What you should do: Your response to the data below should hold nothing except the lines from the one containing "1.2枚目は、生活科『自分は" down to the one containing "We offer you", reproduced exactly and without pictures.
═════ Data extract
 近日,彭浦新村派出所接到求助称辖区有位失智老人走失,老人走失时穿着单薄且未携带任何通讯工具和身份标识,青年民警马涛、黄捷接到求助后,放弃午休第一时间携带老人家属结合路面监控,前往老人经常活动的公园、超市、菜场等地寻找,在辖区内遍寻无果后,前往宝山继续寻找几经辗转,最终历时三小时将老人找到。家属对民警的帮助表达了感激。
══════════
═════ Data extract
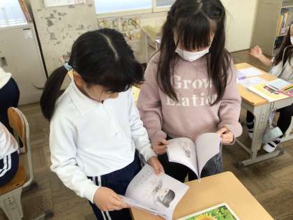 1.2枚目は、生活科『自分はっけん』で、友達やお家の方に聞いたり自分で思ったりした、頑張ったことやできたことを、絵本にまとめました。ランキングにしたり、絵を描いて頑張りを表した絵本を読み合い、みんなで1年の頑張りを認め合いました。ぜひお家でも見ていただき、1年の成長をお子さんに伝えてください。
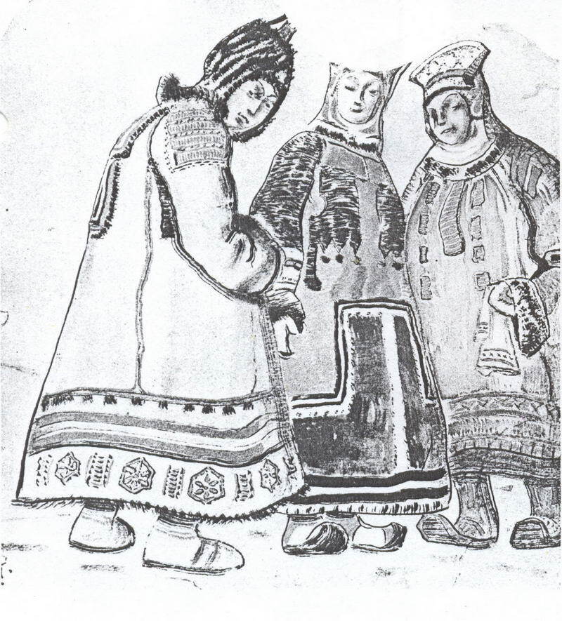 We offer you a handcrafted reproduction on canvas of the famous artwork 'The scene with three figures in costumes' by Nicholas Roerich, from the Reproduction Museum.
══════════
Solution to this problem:
 1.2枚目は、生活科『自分はっけん』で、友達やお家の方に聞いたり自分で思ったりした、頑張ったことやできたことを、絵本にまとめました。ランキングにしたり、絵を描いて頑張りを表した絵本を読み合い、みんなで1年の頑張りを認め合いました。ぜひお家でも見ていただき、1年の成長をお子さんに伝えてください。
 We offer you a handcrafted reproduction on canvas of the famous artwork 'The scene with three figures in costumes' by Nicholas Roerich, from the Reproduction Museum.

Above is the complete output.